There had been a plan to hold prayers at the Martyrs’ Square, which was called Green Square under Gaddafi’s regime, but it was littered with bullet casings and rubbish so worshippers decided to hold the service at a nearby mosque.
Mahmoud Shammam, a spokesman for the rebel council, told reporters in Tripoli that the rebel government had begun shifting from Benghazi to Tripoli, taking over official buildings and setting up a security committee.
He also said some people from Gaddafi’s regime would be included in the new government.
“The only people we are going to exclude are the people who killed others and stole money,” Mr Shammam said in Tripoli.
The military alliance said Nato warplanes targeted 29 vehicles mounted with weapons near Sirte, a city of 150,000 about 250 miles east of Tripoli.
Rebels are trying to advance towards Sirte but expect fierce resistance from tribesman and townspeople loyal to Gaddafi. The rebel leadership, trying to avoid the bloodshed that occurred in the battle for Tripoli, has also been trying to secure Sirte’s surrender, but the two main tribes have rejected negotiation efforts.
Gaddafi denied his people basic rights, cracked down harshly on any hint of dissent and squandered the country’s vast oil and gas wealth.
But tribal loyalties are strong in the desert nation of six million.
Gaddafi also placed supporters in key posts and built up militias and armed “revolutionary committees” to be the final line of support for him and his powerful sons if regular military forces defected.
Gaddafi has tried to rally his followers from hiding, calling on them in an audio appeal as recently as Thursday to fight and kill the rebels.
The two main tribes in Sirte, the Gadhadhfa and the Urfali, remain loyal to the Libyan leader.
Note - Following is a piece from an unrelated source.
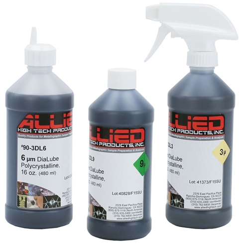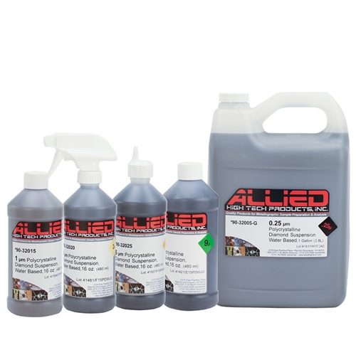 Allied的金剛石懸浮液是專門配制的以確保金剛石顆粒在穩(wěn)定的載體液中保持懸浮和分離。它們使金剛石容易、均勻的分布在拋光布或研磨盤表面。所有8和16盎司瓶都包含可翻瓶蓋和扳機(jī)式噴霧器用于噴出懸浮液。1加侖的包含有刻度線的16盎司空瓶以方便配藥。
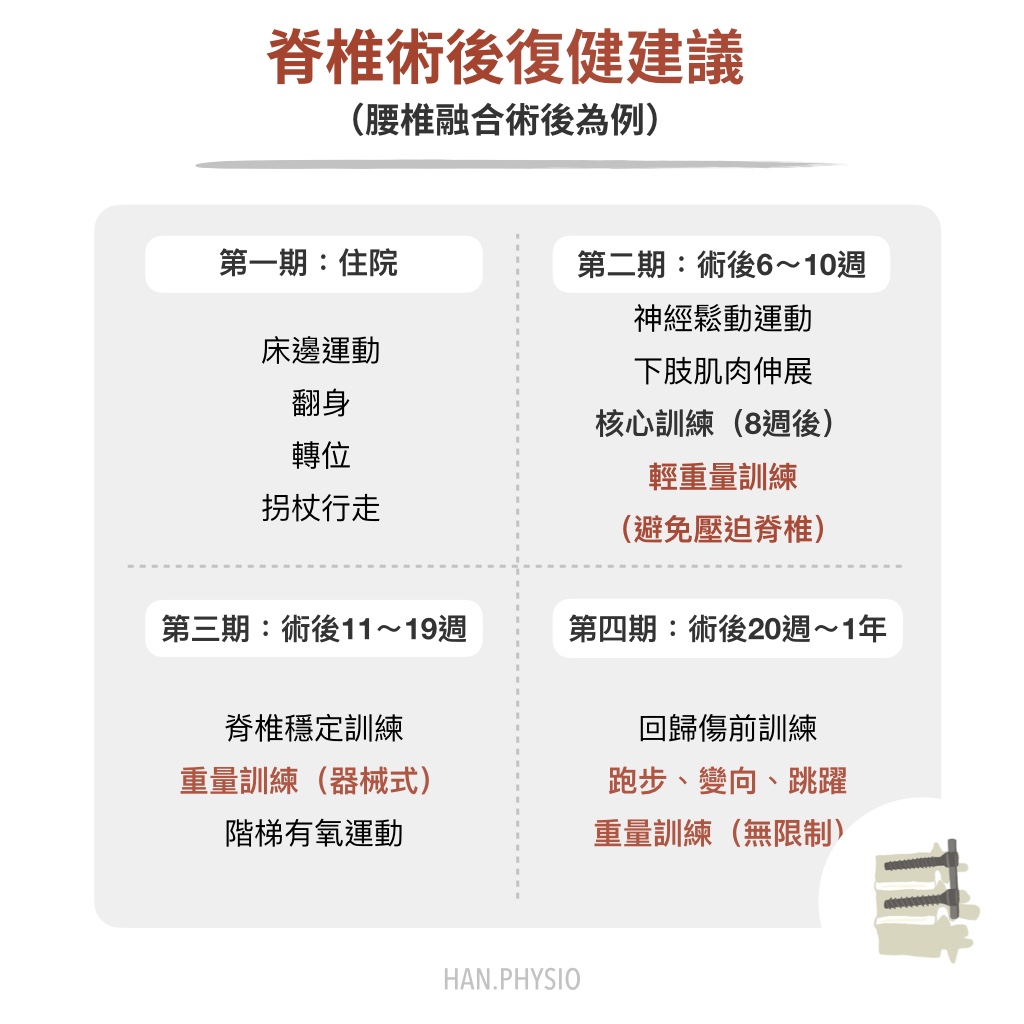 第四期(術後約五個月後):大概術後半年左右可以開始銜接傷前的訓練,此階段已經可以開始嘗試跑步、變向、跳躍的動作,重量訓練方面過去文獻上並沒有特別限制,下肢的自由重量訓練可以慢慢嘗試,唯垂直脊椎受力的動作,還是要注意訓練後背包有沒有產生不適,或是造成下肢出現神經性的症狀,建議回歸傷前的訓練時,訓練強度和訓練量還是要依照治療師與防護員的安排,並與你的開刀醫師討論後再執行會較安全。

Mohammed al-Rajali, a spokesman for rebel fighters in the east, said the rebels were trying to reach out to smaller tribes in Sirte but no progress had been made. But the latest Nato air strikes on loyalist vehicles defending Sirte appeared to be aimed at paving the way for the rebel advance if a negotiated settlement proves impossible.
In London, Defence Secretary Liam Fox said some elements of the Gaddafi regime were in Sirte “where they are still continuing to wage war on the people of Libya”. He said Nato would continue to strike at pro-Gaddafi forces.
“The regime needs to recognise that the game is up,” Mr Fox said.
Major General Nick Pope, a British military spokesman, said RAF jets also hit a large headquarters bunker in Sirte with a salvo of air-to-surface missiles.
Nato also bombed surface-to-air missile facilities near the Tunisian border, a statement said.
Tripoli airport was under rebel control but faced regular shelling from pro-Gaddafi forces to the east. At least three planes were burned in heavy shelling overnight, although the airport otherwise appeared largely intact, with a dozen other passenger planes on the tarmac.